French President Emmanuel Macron warned Trump in a phone call Saturday that Turkey’s military action in northern Syria could lead to a resurgence of IS activity.

Turkish-backed Syrian fighters gather along the border with Syria on October 12, 2019, as they prepare to take part in the Turkish-led assault on northeastern Syria. (Photo by Bakr ALKASEM / AFP)

Macron “reiterated the need to make the Turkish offensive stop immediately,” his office said in a statement Saturday.

Israeli officials have also raised some alarms over the move, both in support of the Kurds and over fears that the US withdrawal will help Iran and the Islamic State.

Mattis resigned from the Trump administration in December after Trump announced a first time that he would pull troops out of Syria, though the decision was later rescinded for a more limited pullout amid intense pressure.

In his resignation letter, Mattis emphasized the importance of standing up for US allies — an implicit criticism of the president’s decision on the Syria decision.

A picture taken in Akcakale at the Turkish border with Syria on October 10, 2019 shows smokes rising from the Syrian town of Tal Abyad (BULENT KILIC / AFP)

On Friday, Mattis’s successor Mark Esper said that the US was not abandoning its allies.

“We have not abandoned the Kurds. Let me be clear about that,” the defense secretary told reporters. “We have not abandoned them. Nobody green-lighted this operation by Turkey — just the opposite. We pushed back very hard at all levels for the Turks not to commence this operation.”

He spoke shortly before American forces came under Turkish artillery fire at a small outpost in northeastern Syria.
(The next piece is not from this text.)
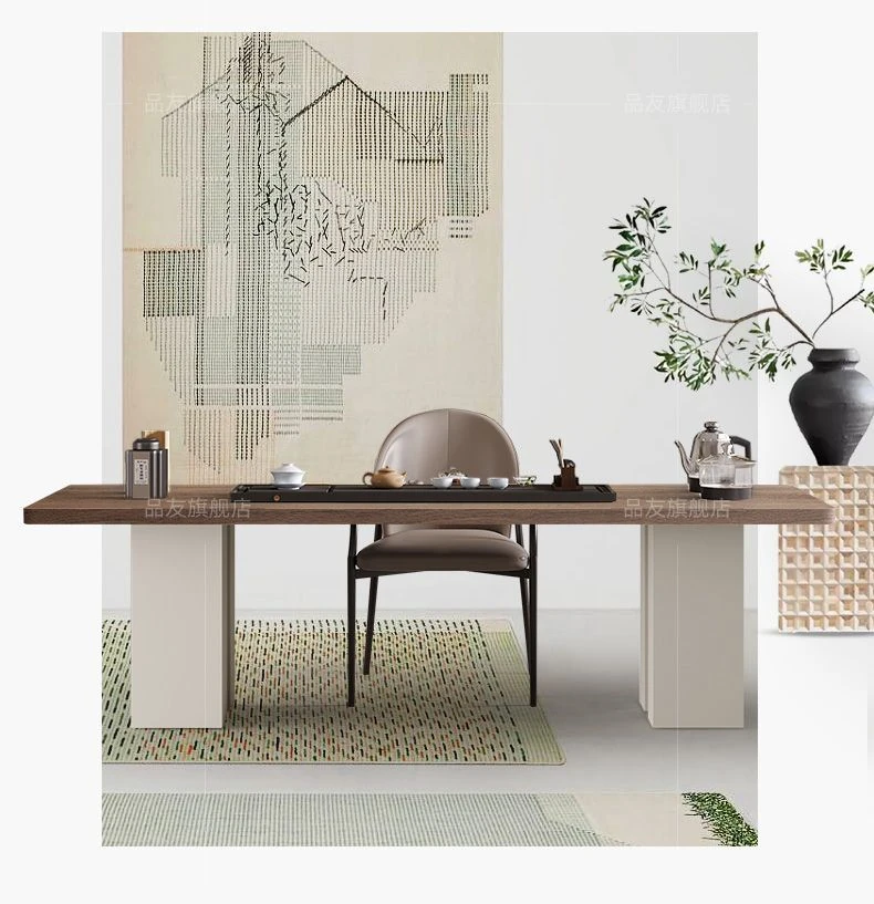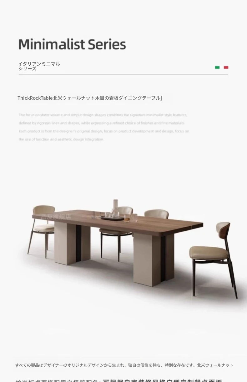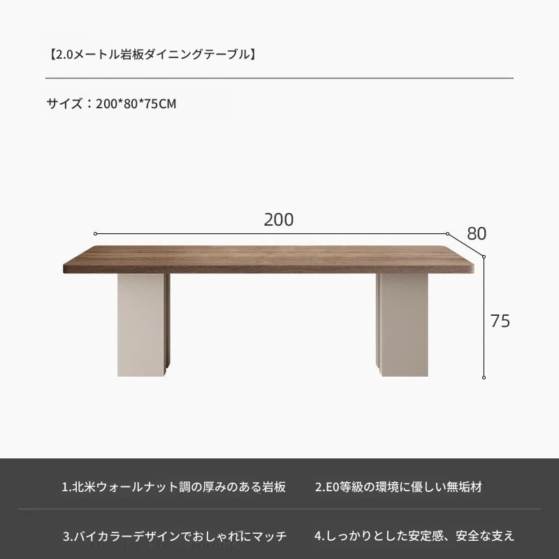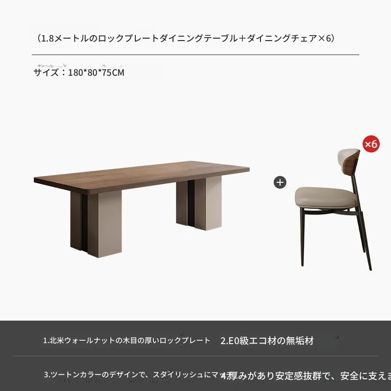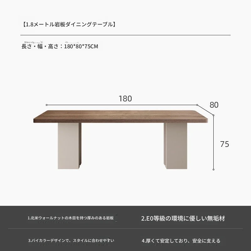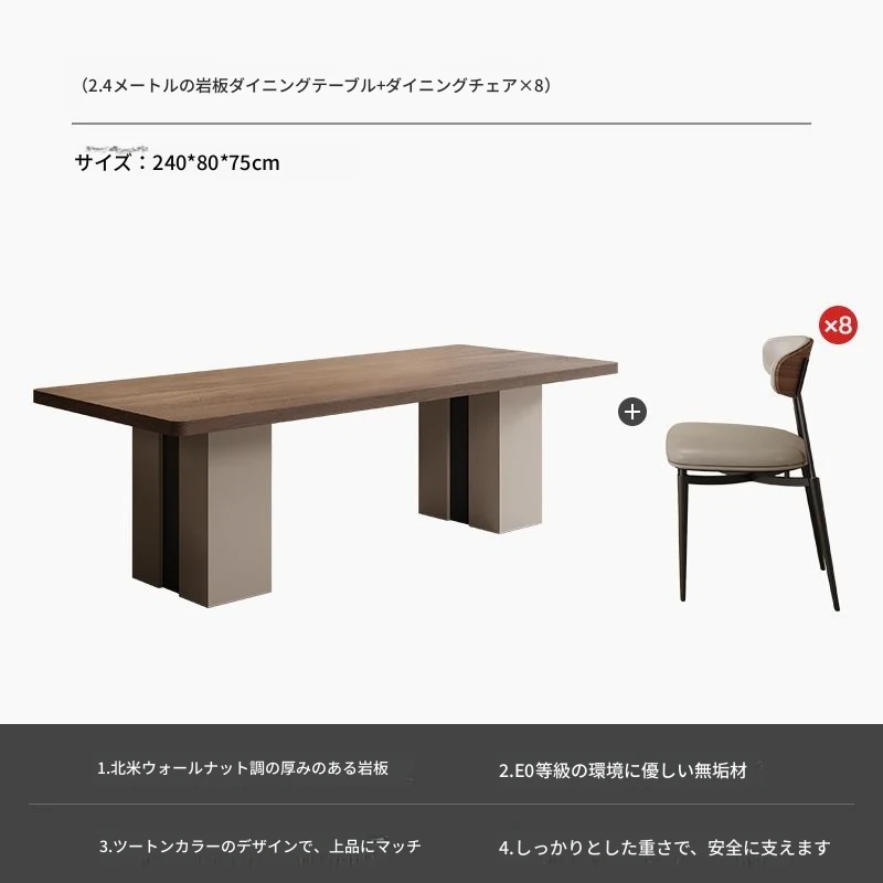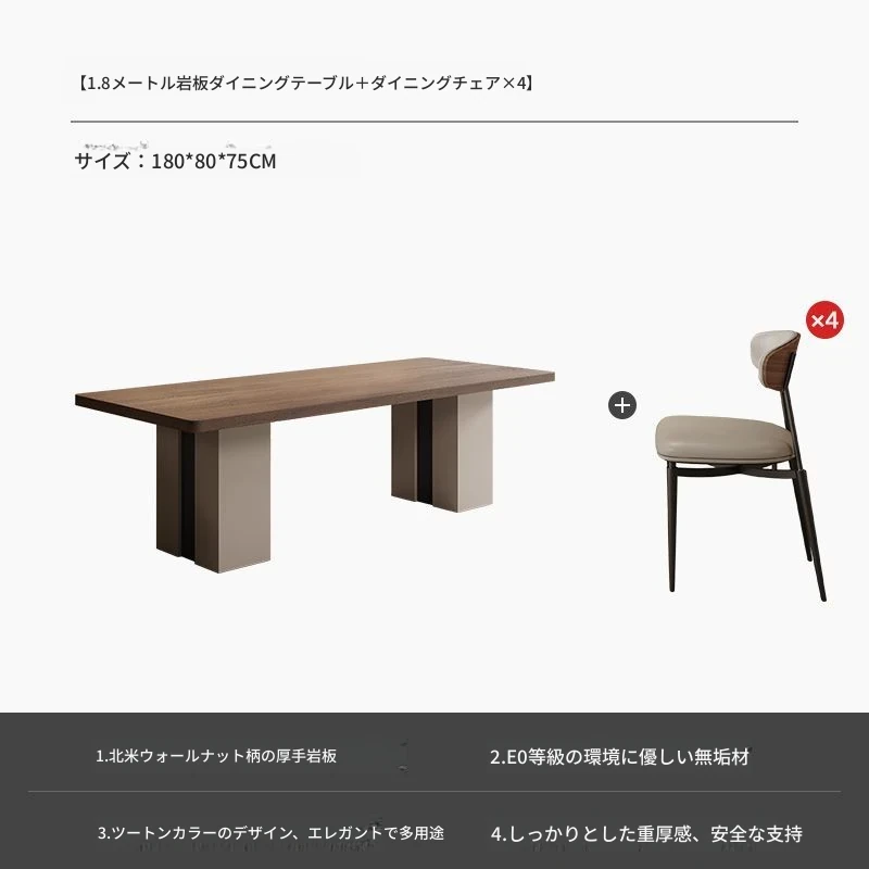 イタリアンミニマリズムのダイニングテーブル&チェアセット|高級ブラックウォールナットの木目とスタイリッシュな岩板デザイン|省スペースに最適な長方形テーブル|おしゃれで快適な食卓を演出します!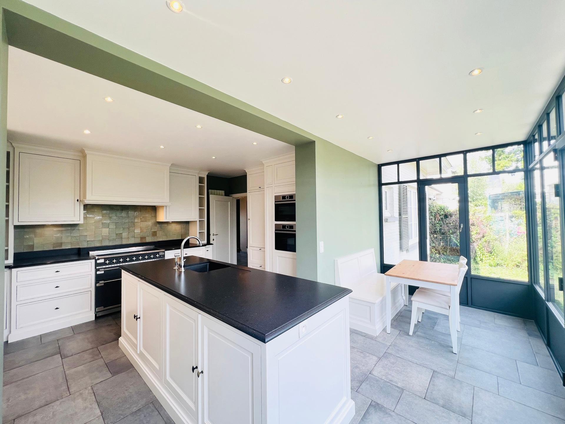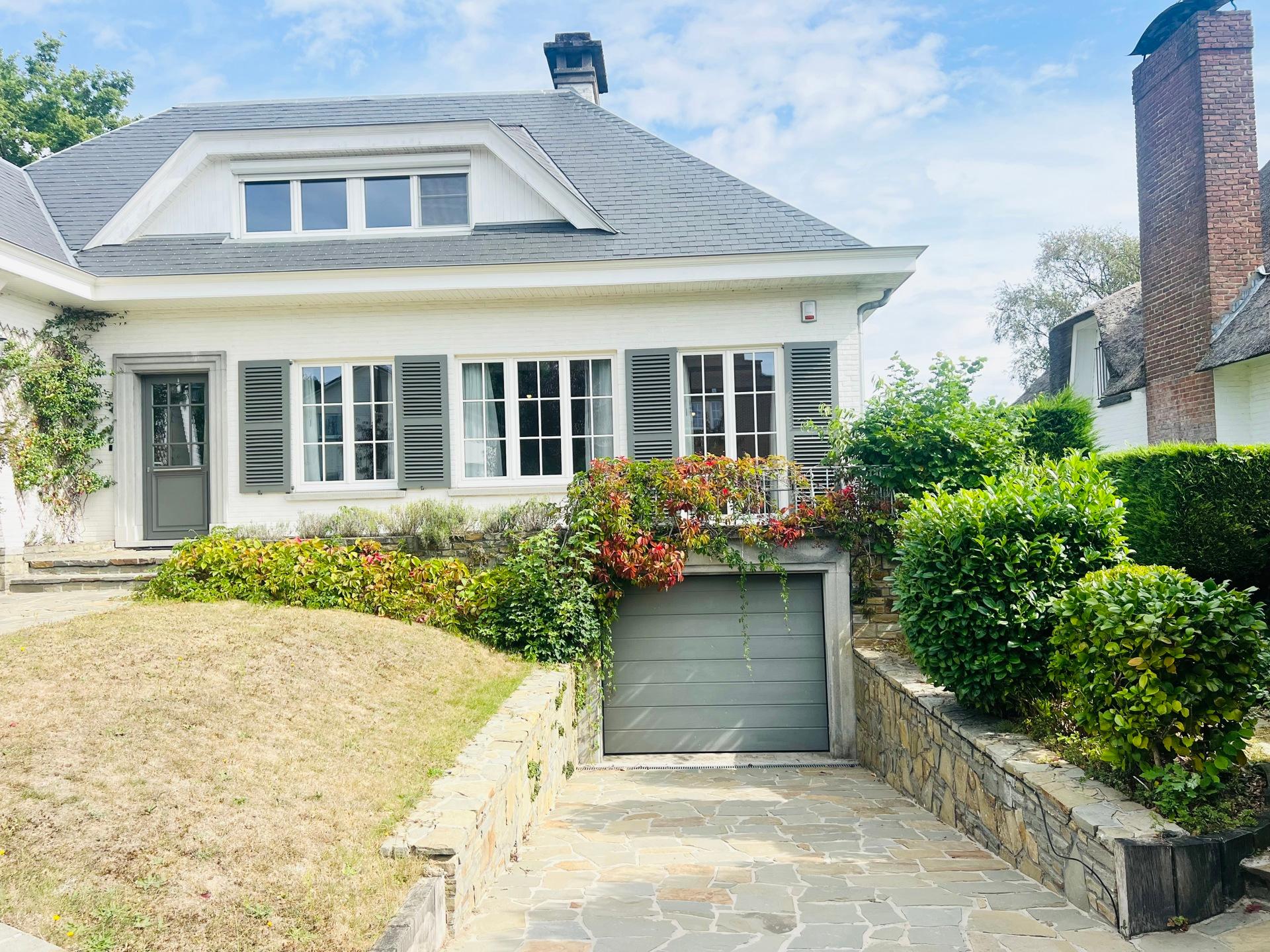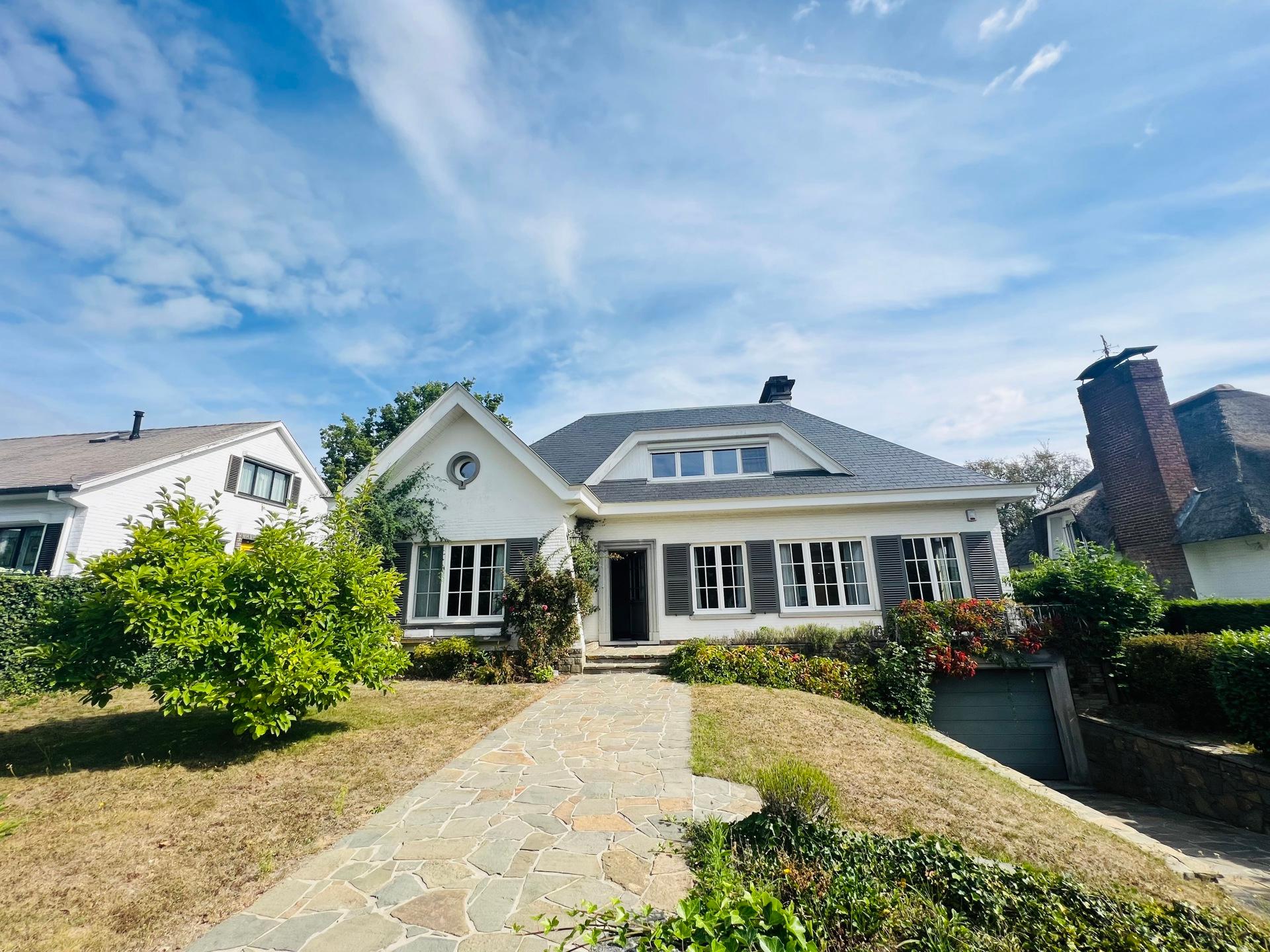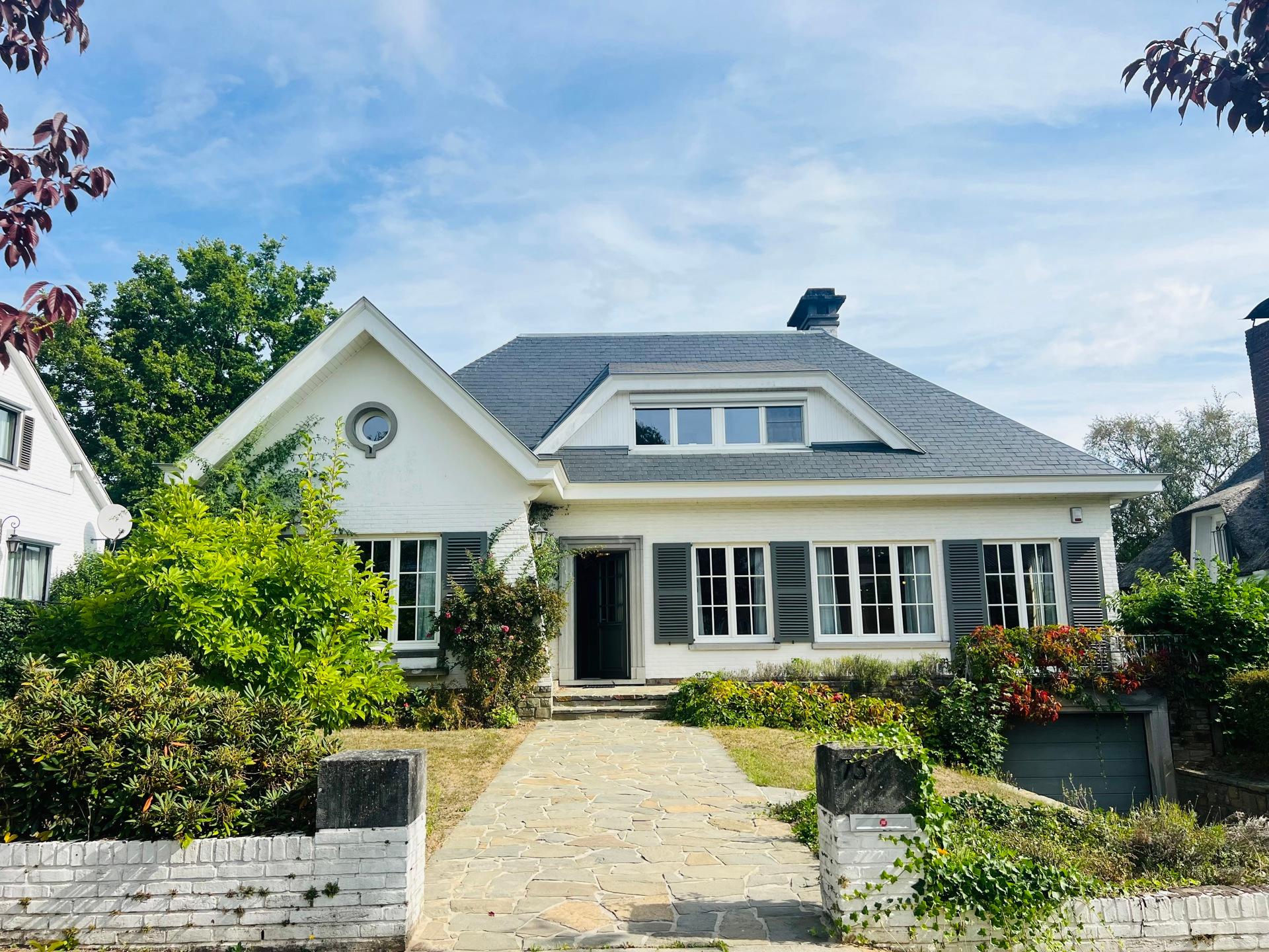 KRAAINEM, ideally located in a peaceful and green residential area, just a 10-minute walk from Place Dumon (Stockel metro station) and public transport, this charming villa benefits from its proximity to renowned international schools such as the American School, the British School, and the Deutsche Schule. Built on a plot of ± 7 acres, this house offers a living area of approximately 290 m², combining comfort, functionality and brightness. The ground floor comprises a welcoming entrance hall with cloakroom and guest toilet, a spacious ± 45 m² living room bathed in light and featuring a fireplace for cosy evenings, a convivial dining room opening onto a fully equipped kitchen, and a pleasant breakfast area under a veranda overlooking the garden. Separate, equipped laundry room (washing machine and tumble dryer). Sleeping area on the ground floor: bedroom of ± 16 m² with a view of the garden and en-suite shower room. and bedroom or multipurpose room of ± 13 m² (office, guest room, games room, etc.). Upstairs: three large bedrooms (± 33 m², ± 19 m² and ± 14 m²), all equipped with custom storage, built-in wooden desks and walk-in wardrobes. A bathroom with bathtub.

No Americans were hurt, and the Turks insist the Americans were not targeted. But the strike shows how swiftly the conflict is descending into turmoil.

In this Thursday, Oct. 10, 2019 photo, Syrian Democratic Forces fighters stand guard in the town of Qamishli, Syria, Turkish forces pushed deeper into northeastern Syria on Friday, the third day of Ankara’s cross-border offensive against Syrian Kurdish fighters that has set off another mass displacement of civilians and met with widespread criticism from the international community. (AP Photo/Baderkhan Ahmad)

Esper’s remarks appeared aimed at strengthening the Trump administration’s argument that it did all it could to stop the Turks and, failing that, was left with no reasonable option but to pull some US troops away from the border. It’s unclear how far the Turks will take their offensive, how badly the Kurds will be hit and whether US forces will be compelled to withdraw entirely in coming days.

The Turkish military aims to clear Syrian border towns of Kurdish fighters’ presence, saying they are a national security threat. Since Wednesday, Turkish troops and Syrian opposition fighters backed by Ankara have been advancing under the cover of airstrikes and artillery shelling.

The UN has estimated the number of displaced at 100,000 since Wednesday, saying that markets, schools and clinics also were closed. Aid agencies have warned of a humanitarian crisis, with nearly a half-million people at risk in northeastern Syria.